- Bluewater Bay Location within Eastern Cape Bluewater Bay Location within South Africa Bluewater Bay Location within Africa
- Coordinates: 33°51′24″S 25°37′46″E﻿ / ﻿33.85667°S 25.62944°E
- Country: South Africa
- Province: Eastern Cape
- Municipality: Nelson Mandela Bay
- Main Place: Gqeberha

Area
- • Total: 3.70 km^{2} (1.43 sq mi)

Population
- • Total: 4,530
- • Density: 1,220/km^{2} (3,170/sq mi)

Racial makeup (2011)
- • Black African: 36.29%
- • Coloured: 6.80%
- • Indian/Asian: 1.57%
- • White: 54.64%
- • Other: 0.71%

First languages (2011)
- • Afrikaans: 34.86%
- • English: 34.74%
- • Xhosa: 24.52%
- • Sesotho: 1.44%
- • Other: 1.22%
- Time zone: UTC+2 (SAST)
- Postal code (street): 6001
- PO box: 6019

= Bluewater Bay, South Africa =

Seaside suburb in Eastern Cape, South Africa

Bluewater Bay is a small seaside suburb located along the Algoa Bay between Port Elizabeth (now Gqeberha) and Coega in the Eastern Cape, South Africa.

==Geography==
Bluewater Bay is situated approximately 15 kilometres (9,3 miles) north of the city of Port Elizabeth on the mouth of the Swartkops River.
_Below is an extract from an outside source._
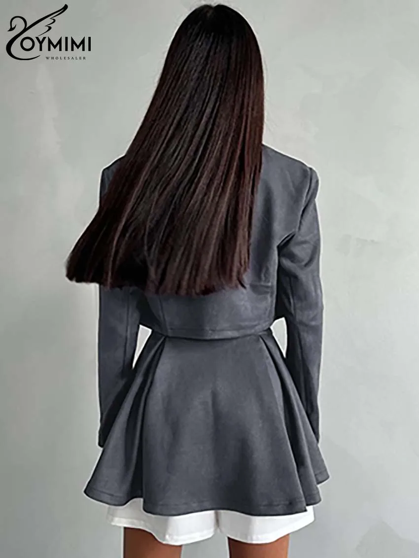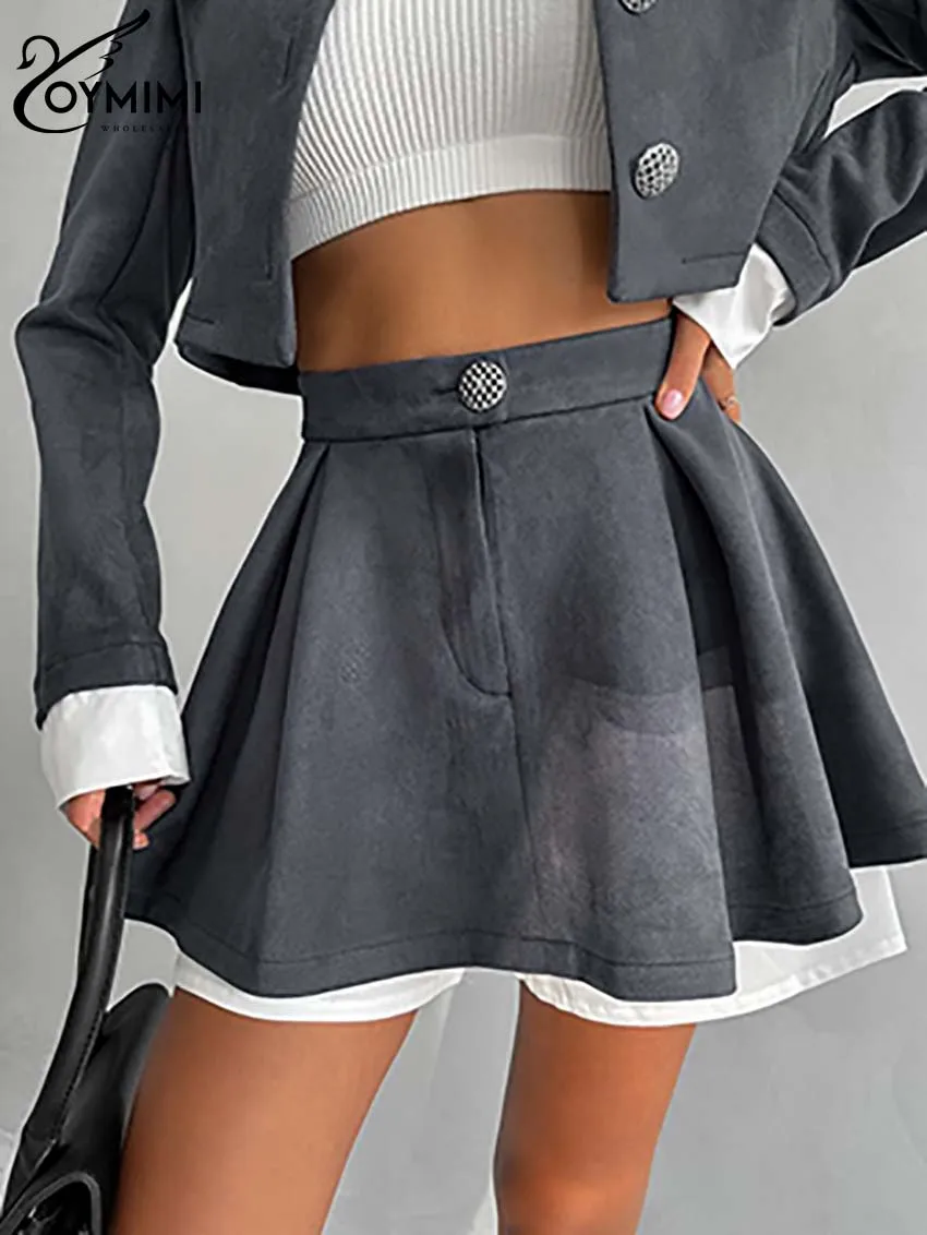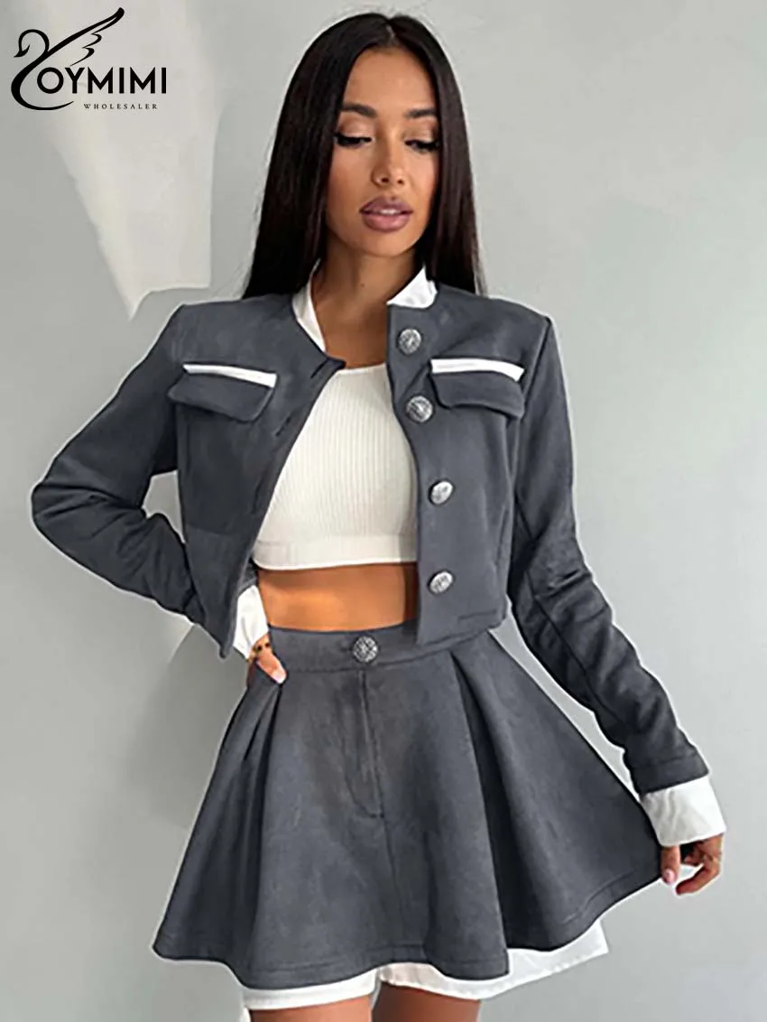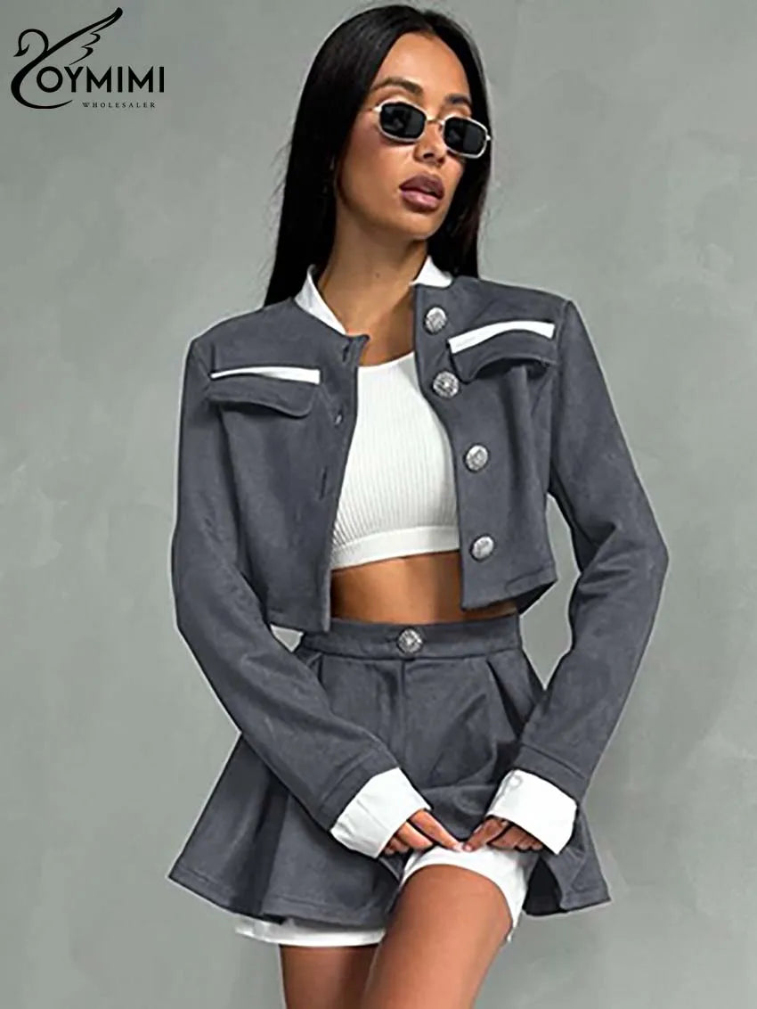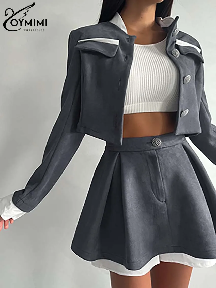 Oymimi Elegant Grey Patchwork Women 2 Piece Set Outfit Fashion Long Sleeve Pockets Button Crop Shirts And Pleated Mini Skirts
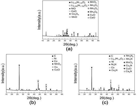 For the sample roasted in air, nickel was present mainly as NiO, cobalt as CoO and Co3O4, manganese as MnO, MnO2, Mn2O3, Mn3O4, and Mn5O8, and copper as CuO. Importantly, these transition metals remained in the form of stable oxides that are not susceptible to chlorination under the applied conditions, whereas lithium existed as Li2O and readily reacted with CaCl2 to form volatile LiCl. This phase stability difference justifies the selectivity of lithium extraction and further validates the effectiveness of CaCl2 as a chlorinating agent. Lithium-containing NCM oxides were also identified, together with CaO generated from the reaction between CaCl2 and oxygen. In the vacuum-roasted sample, residual carbon was detected, and Ni, Co, and Cu were reduced to metallic states due to carbothermal reduction, while Mn remained as MnO2, and copper also appeared as CuCl. In the N2-roasted sample, nitride phases were additionally observed, including Ni3N, Co2N, Mn3N2, Mn4N, and Cu3N, along with metallic phases and Ca2N formed from CaCl2–N2 reactions. MnCl2 and CuCl were also detected.

Neighbouring suburbs include St Georges Strand to the north and Amsterdamhoek to the west. Notable suburbs further away include Motherwell and Markman to the north, Deal Party to the south, Swartkops to the south-west and Coega to the north-east.

=== Suburbs ===
Bluewater Bay comprises two distinct neighbourhoods, namely; Bluewater Bay and Bluewater Beach, separated by the N2 highway. As its name suggests, Bluewater Beach is situated on the seaward side of the N2 while Bluewater Bay is ironically on the inland side of the N2.

==Retail==
Bluewater Bay is served by the N2 City Shopping Centre, which is anchored by Superspar. A Pick n Pay supermarket and an Engen service station are also located within the vicinity of the N2 City. However, due to the small size of the shopping centre the variety of goods sold is limited, and for larger shopping trips, residents need to make the short journey to nearby Port Elizabeth.

==Roads==
Bluewater Bay is mainly reached via the N2, a major freeway running between Grahamstown (now Makhanda) in the north-west and Port Elizabeth (now Gqeberha) in the south, with an interchange at the M2 Weinronk Way. Furthermore, it can also be reached from Amsterdamhoek via the M2 which serves as the linkage between Bluewater Bay and Bluewater Beach.